▸ **WHAT YOU NEED TO DO**: Only the lines from the one bearing "總部位于巴黎的經(jīng)" through the end of the listing belong in your response, restated word for word and without pictures.

═══ MATERIAL FOR THIS TASK

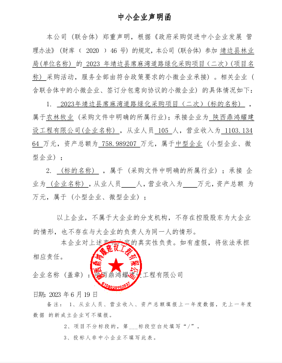 ----------------------------------招标机构发布信息原文:----------------------- 靖边县林业局2023年靖边县席麻湾镇道路绿化采购项目(二次)中标(成交)明细.pdf 中小企业声明函.png 十一、其他事项: ------------------------------------招标信息结束---------------------------- 标签: 采购 中标 项目 靖边县 道路 公告 席麻湾镇 上一篇: 2023年6月21日2023年全城区主干道排水管网疏通清理采购项目(二次)中标(成交)结果公告 最新5000条招标信息列表: 滚动招标 |
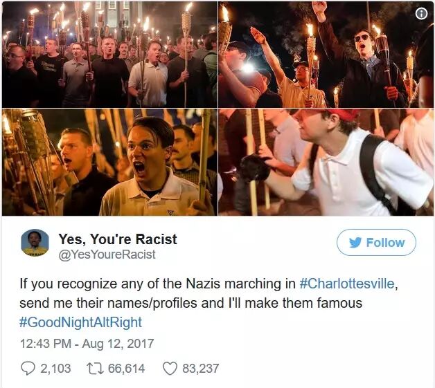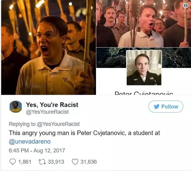 一些推特用户在推特里煽动群众,人肉参加白人至上游行的人。于是乎,20岁的内华达大学学生彼得·切夫塔诺维奇(Peter Cvjetanovic)就被人肉出来了。 他上周五参加在弗吉尼亚大学白人民族主义的游行时被人拍了下来,他的照片还被登在了很多媒体网站上。
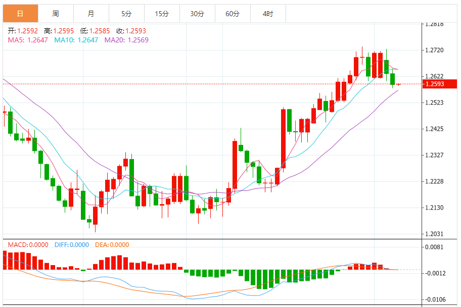 英镑:英镑/美元下跌,收报1.2590,跌幅0.33%。技术面上,汇价上行的初步阻力位于1.2639,进一步阻力位于1.2682,关键阻力位于1.2713;汇价下行的初步支撑位于1.2564,进一步支撑位于1.2533,更关键支撑位于1.2489。
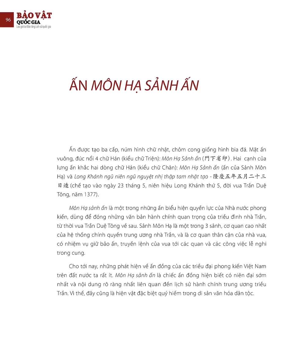 Bảo vật Quốc gia: Ấn Môn hạ Sảnh ấn
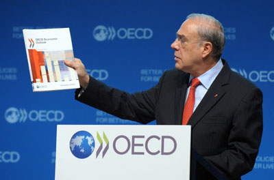 總部位于巴黎的經(jīng)濟(jì)合作與發(fā)展組織(簡稱經(jīng)合組織)27日發(fā)布新版“經(jīng)濟(jì)展望報告”。經(jīng)合組織秘書長安赫爾·古里亞當(dāng)日在發(fā)布會上表示,全球經(jīng)濟(jì)明年將出現(xiàn)顯著下滑,而歐債危機“當(dāng)前仍是世界經(jīng)濟(jì)最大威脅”。古里亞指出,盡管各國已采取應(yīng)對措施,但一些國家的債務(wù)永久化問題有可能引發(fā)連鎖事件,將全球經(jīng)濟(jì)拖入衰退之中。經(jīng)合組織在報告中下調(diào)了全球經(jīng)濟(jì)增長預(yù)期,預(yù)計今年全球經(jīng)濟(jì)僅增長2.9%,明年增幅為3.4%。此外,經(jīng)合組織還預(yù)期,美國今年經(jīng)濟(jì)增速由此前預(yù)計的2.6%降至2.2%,2013年增速將降至2.0%。
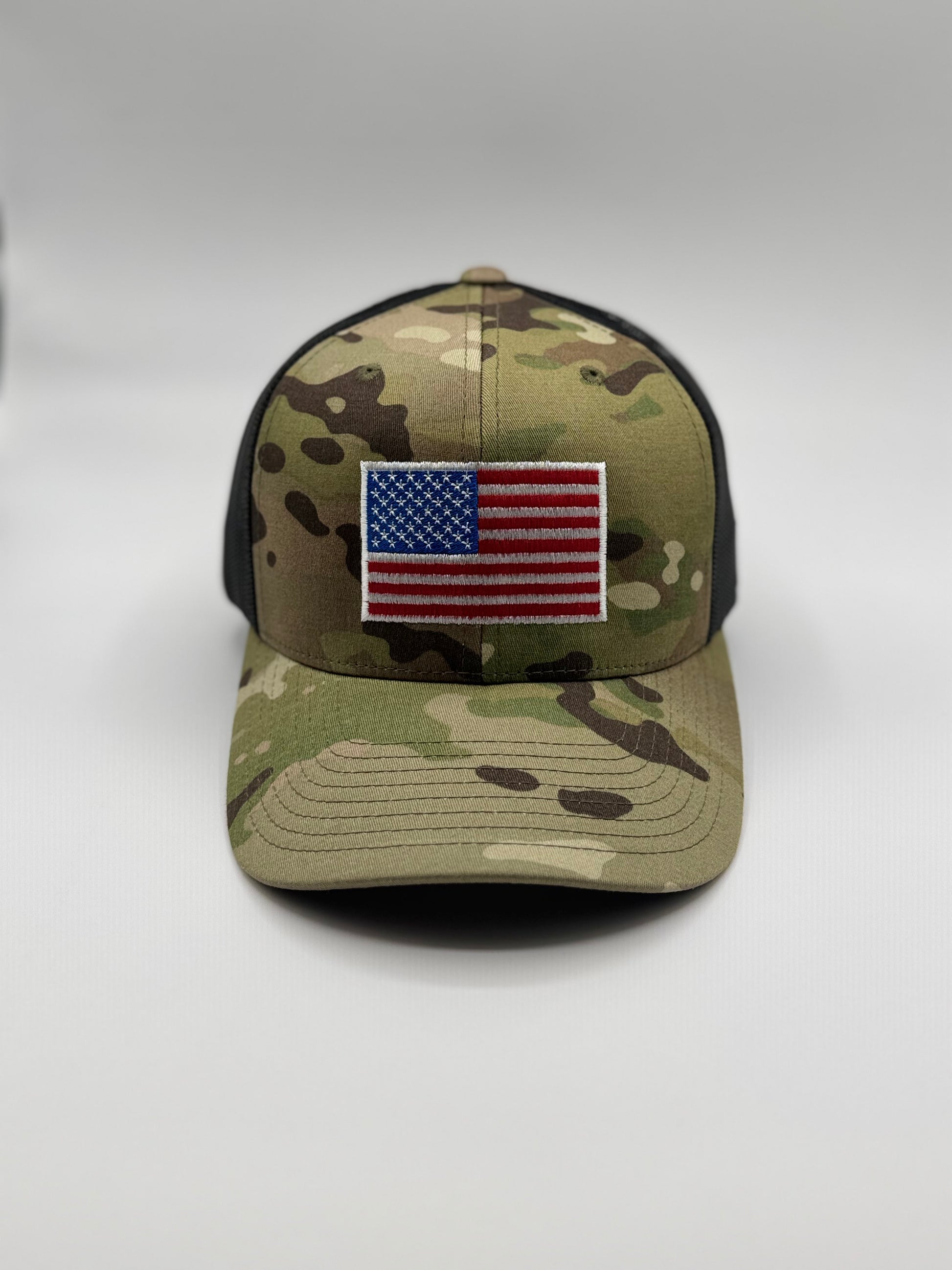 Old Glory Multi-cam trucker hat is a comfortable classic, perfect for casual wear. This hat features an embroidered American Flag in the front, Black mesh back, snap-back closure, and TSAF pre-woven label on the side.

══════

▸ **ANSWER BOX**:
 總部位于巴黎的經(jīng)濟(jì)合作與發(fā)展組織(簡稱經(jīng)合組織)27日發(fā)布新版“經(jīng)濟(jì)展望報告”。經(jīng)合組織秘書長安赫爾·古里亞當(dāng)日在發(fā)布會上表示,全球經(jīng)濟(jì)明年將出現(xiàn)顯著下滑,而歐債危機“當(dāng)前仍是世界經(jīng)濟(jì)最大威脅”。古里亞指出,盡管各國已采取應(yīng)對措施,但一些國家的債務(wù)永久化問題有可能引發(fā)連鎖事件,將全球經(jīng)濟(jì)拖入衰退之中。經(jīng)合組織在報告中下調(diào)了全球經(jīng)濟(jì)增長預(yù)期,預(yù)計今年全球經(jīng)濟(jì)僅增長2.9%,明年增幅為3.4%。此外,經(jīng)合組織還預(yù)期,美國今年經(jīng)濟(jì)增速由此前預(yù)計的2.6%降至2.2%,2013年增速將降至2.0%。
 Old Glory Multi-cam trucker hat is a comfortable classic, perfect for casual wear. This hat features an embroidered American Flag in the front, Black mesh back, snap-back closure, and TSAF pre-woven label on the side.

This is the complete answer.